Efficient synthesis of P-chiral biaryl phosphonates by stereoselective intramolecular cyclization

Guangqing Xu , Minghong Li , Shouliang Wang and Wenjun Tang *
State Key Laboratory of Bio-Organic and Natural Products Chemistry, Shanghai Institute of Organic Chemistry, 345 Ling Ling Rd, Shanghai 200032, P. R. China. E-mail: tangwenjun@sioc.ac.cn

Received 30th April 2015 , Accepted 1st August 2015

First published on 3rd August 2015


Abstract

A series of P-chiral biaryl phosphonates were efficiently synthesized from diaryl 2-bromo arylphosphonates in high yields (up to 92%) and good enantioselectivities (up to 88% ee) through a palladium-catalyzed asymmetric cyclization with a novel P-chiral biaryl monophosphorus ligand. The P-chiral biaryl phosphonate can be rapidly transformed to both antipodes of a P-chiral dialkyl biaryl monophosphorus structure. The method provides a convenient access to various P-chiral biaryl monophosphines.


Since Knowles first introduced P-chiral phosphines CAMP and DIPAMP for rhodium-catalyzed asymmetric hydrogenation almost half a century ago,1P-chiral phosphorus ligands have played significant roles in the rapid development of the asymmetric catalysis area.2 Efficient construction of P-chiral phosphorus compounds has become a hot subject of research.3 Various efficient methods were developed including chemical resolutions,4 asymmetric synthesis by using chiral auxiliaries or reagents,5 and recently catalytic asymmetric methods.6 Because of the increasing applications of P-chiral biaryl monophosphorus ligands in organic synthesis,7 we propose to develop a general and efficient synthetic method for P-chiral biaryl monophosphorus ligands from a P-chiral biaryl phosphonate A through two consecutive stereospecific substitutions at the phosphorus center (Fig. 1).
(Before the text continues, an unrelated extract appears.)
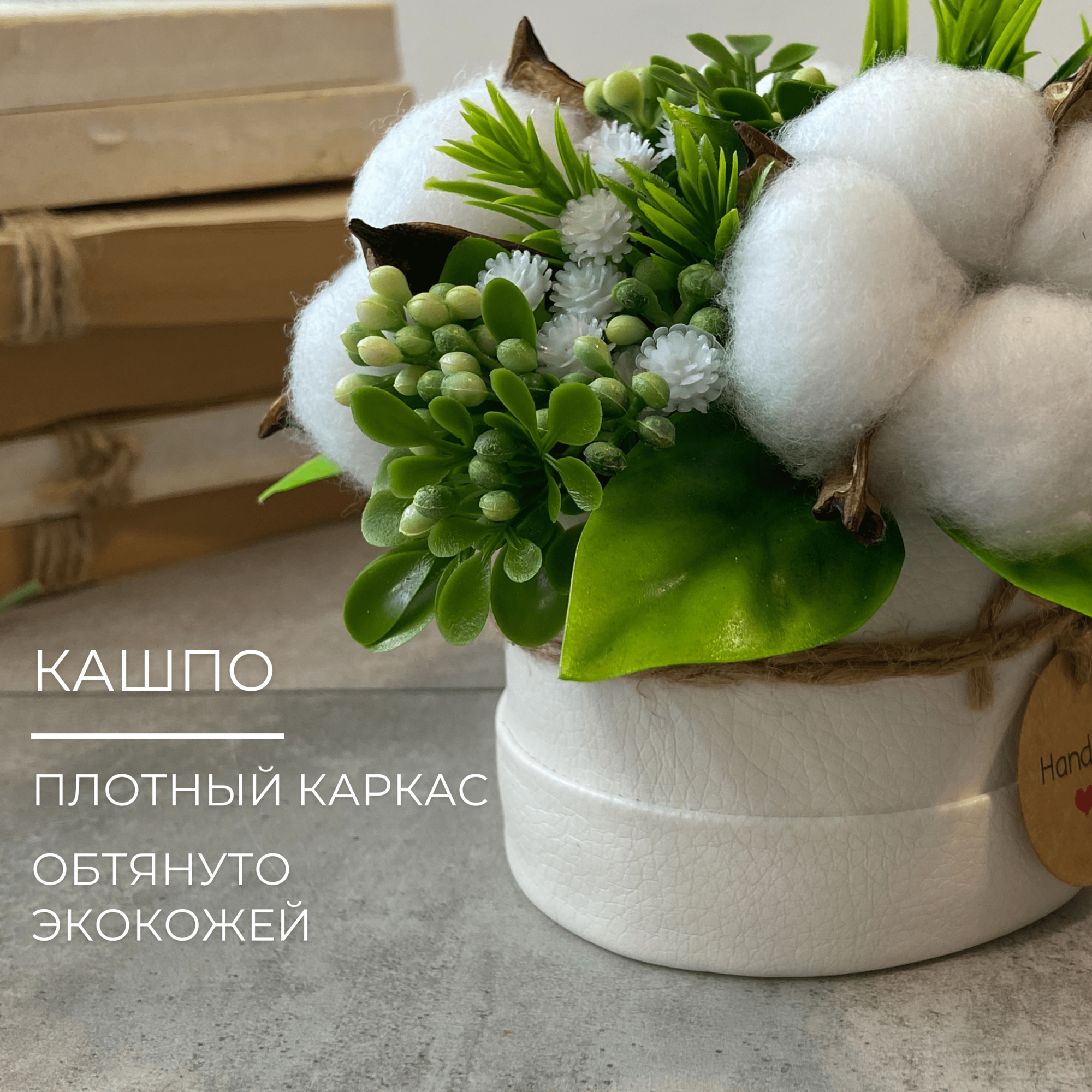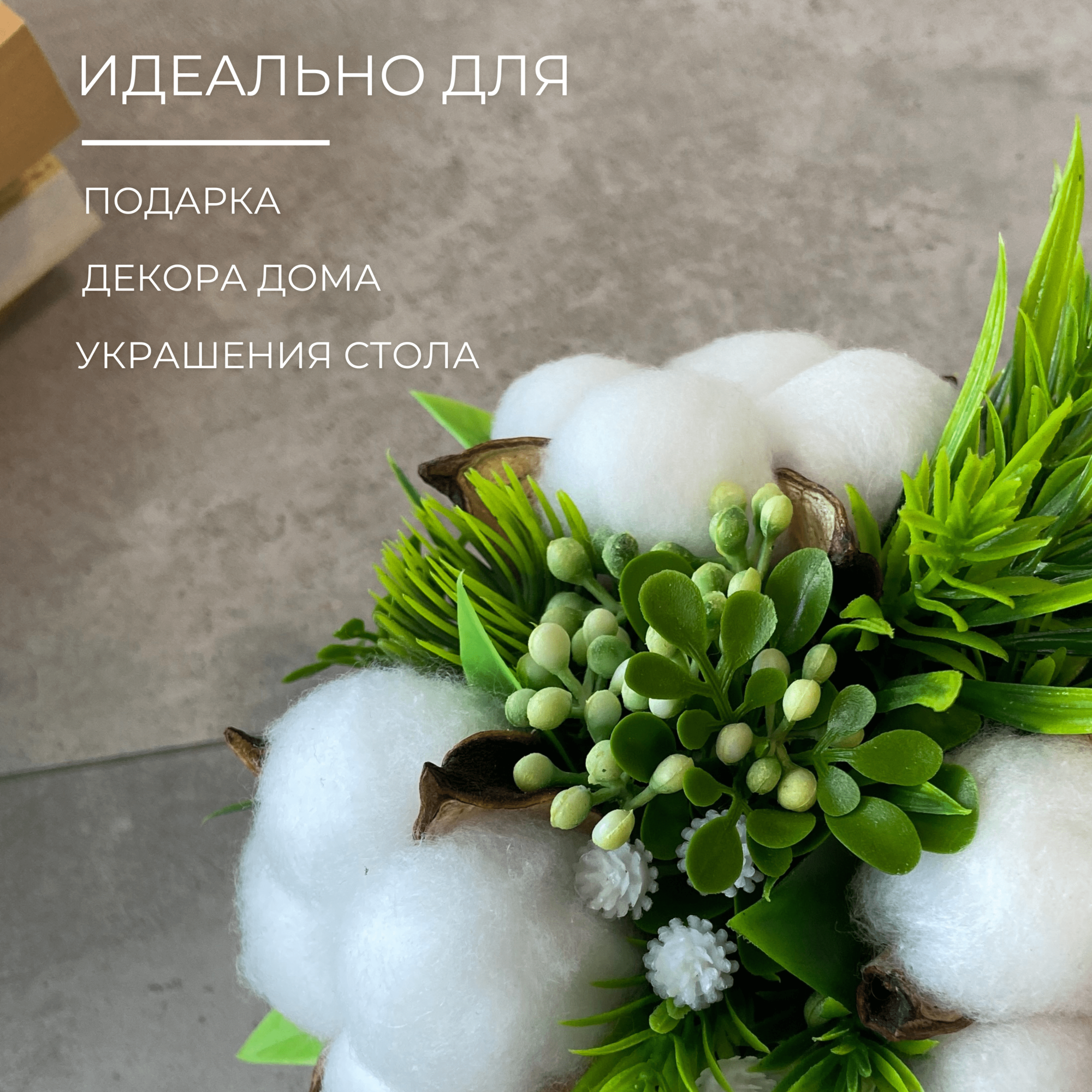 Хлопок сухоцвет для декора, декоративный букет искусственных цветов в кашпо, цветы в кашпо, 13 см, белый интересное:

The challenge is whether the P-chiral biaryl phosphonate A can be efficiently synthesized from the readily accessible ortho-bromo arylphosphonate B through an enantioselective palladium-catalyzed desymmetric intramolecular cyclization.8 Herein we disclose our study on this asymmetric cyclization and its transformations toward P-chiral biaryl monophosphorus ligands.
image file: c5qo00142k-f1.tif
Fig. 1 A new strategy for the synthesis of P-chiral biaryl monophosphorus ligands.

We chose diphenyl(2-bromophenyl)phosphonate (1a) as the substrate for study. As shown in Table 1, the palladium-catalyzed asymmetric cyclization of 1a proceeded smoothly at 80 °C in toluene with KOAc as the base to afford the cyclization product 1b in excellent yields in the presence of a P-chiral monophosphorus ligand. Among the several P-chiral biaryl monophosphorus ligands employed (entries 1–5),9 the newly developed ligand L3 with a tetrahydrobenzodifuran moiety provided an excellent yield (93%) and a good enantioselectivity (77% ee) with potassium acetate as the base. Apparently, the substituents on the low aryl ring of the P-chiral biaryl ligands exert significant influence on the enantioselectivity. Moderate ees were achieved with acyclic or cyclic alkoxy moieties such as methoxy substituents, furans and dioxolanes (entries 1, 3 and 4). In contrast, AntPhos (L5) proved to be ineffective (entry 5). Ligand L2 with a methyl group at the 2 position of the oxophosphole ring also provided a diminished ee (entry 2). When L3 was employed for further optimization, a dramatic base effect was observed. A more hindered base KOPiv afforded an inferior yield and ee value (entry 6). Meanwhile, 1-AdCOOK could provide comparable enantioselectivity to KOAc but with lower yield (entry 7). When PhCOOK was employed as a base, a higher ee value (88%) was achieved, albeit with a low yield (34%, entry 8). The low yield could be largely due to its relatively weak basicity. We thus employed PhCH2COOK as the base. Although the cyclization yield was comparable to that with KOAc, its enantioselectivity was slightly inferior (entry 9). With Ph2CHCOOK as the base, we obtained a similar yield to that with KOAc, but with a slightly better ee value (entry 10). When the reaction temperature was reduced to 70 °C, the ee value of 1b was improved to 82% (entry 11). Change of the solvent to cyclohexane, 1,4-dioxane, THF, and 1,2-dichloroethane (DCE) did not enhance the enantioselectivity (entries 12–15). When the mole ratio of Pd/L3 increased from 1/1.2 to 1/2 (4 mol% Pd), a better ee value (88%) was achieved along with an acceptable yield (entry 16). Other bases were also tested, but no further improvement of the ee value was achieved.10

Table 1 Intramolecular asymmetric cyclization of diphenyl(2-bromophenyl)phosphonate (1a)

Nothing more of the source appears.